··· DATA BLOCK ···
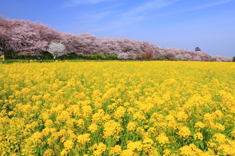 権現堂堤は桜の名所としてよく知られており、春には1kmにわたって約1,000本のソメイヨシノが綺麗なピンク色の花を咲かせます。と同時に隣には菜の花が元気に咲き、ピンク色の桜と黄色の菜の花のコラボレーションが見事です。
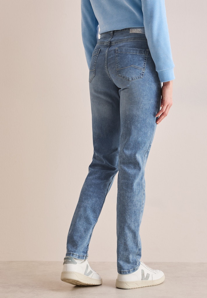 Die Slim Fit Jeans von CECIL für Damen hat eine High Waist und Slim Legs für eine anschmiegsame Passform und eine moderne Silhouette. Der Baumwollmix mit Stretchanteil sorgt dabei dafür, dass die Jeanshose im Style Toronto besonders bequem ist und sich so ideal für den Alltag eignet. Die hellblaue Denim Waschung und das 5-Pocket-Design runden den Look der Jeans ab. Jeanshose High Waist und Slim Legs Hellblaue Denim Waschung 5-Pocket Baumwollmix mit Stretchanteil Material: 69% Baumwolle, 29% Polyester, 2% Elasthan
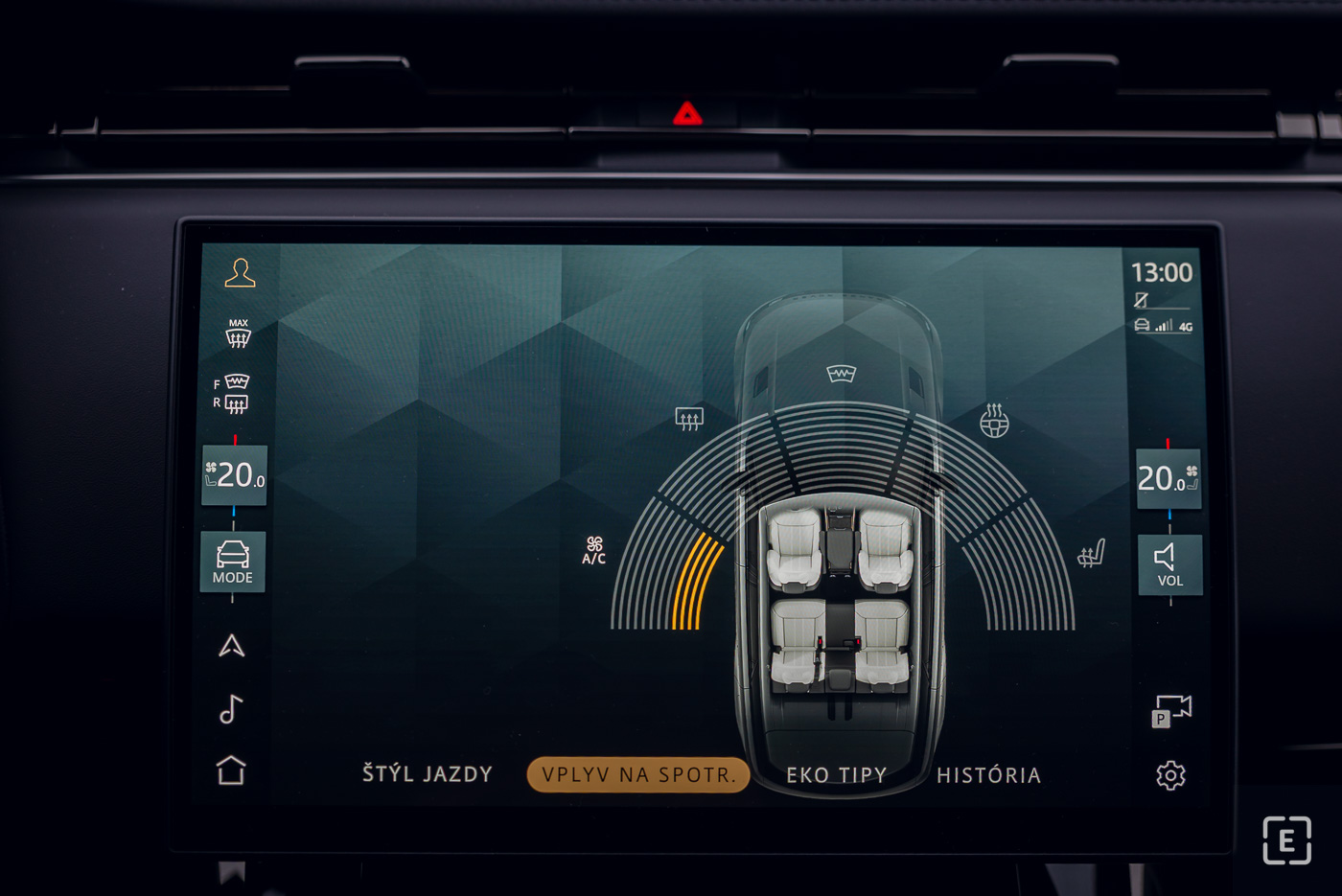 Centrom diania je zakrivený 13,1-palcový dotykový displej infotainmentu. Systém je graficky vydarený a rýchly, no ergonomickým krokom späť je odstránenie fyzických ovládačov klimatizácie. Nastavenie teploty či vyhrievania sedadiel teraz vyžaduje preklikanie sa cez menu na displeji, čo odpútava pozornosť od šoférovania.
···
- [WORK TO BE COMPLETED] Could the listing above be transcribed exactly, with the pictures left out?

- [RESPONSE TO THIS EXERCISE]
 権現堂堤は桜の名所としてよく知られており、春には1kmにわたって約1,000本のソメイヨシノが綺麗なピンク色の花を咲かせます。と同時に隣には菜の花が元気に咲き、ピンク色の桜と黄色の菜の花のコラボレーションが見事です。
 Die Slim Fit Jeans von CECIL für Damen hat eine High Waist und Slim Legs für eine anschmiegsame Passform und eine moderne Silhouette. Der Baumwollmix mit Stretchanteil sorgt dabei dafür, dass die Jeanshose im Style Toronto besonders bequem ist und sich so ideal für den Alltag eignet. Die hellblaue Denim Waschung und das 5-Pocket-Design runden den Look der Jeans ab. Jeanshose High Waist und Slim Legs Hellblaue Denim Waschung 5-Pocket Baumwollmix mit Stretchanteil Material: 69% Baumwolle, 29% Polyester, 2% Elasthan
 Centrom diania je zakrivený 13,1-palcový dotykový displej infotainmentu. Systém je graficky vydarený a rýchly, no ergonomickým krokom späť je odstránenie fyzických ovládačov klimatizácie. Nastavenie teploty či vyhrievania sedadiel teraz vyžaduje preklikanie sa cez menu na displeji, čo odpútava pozornosť od šoférovania.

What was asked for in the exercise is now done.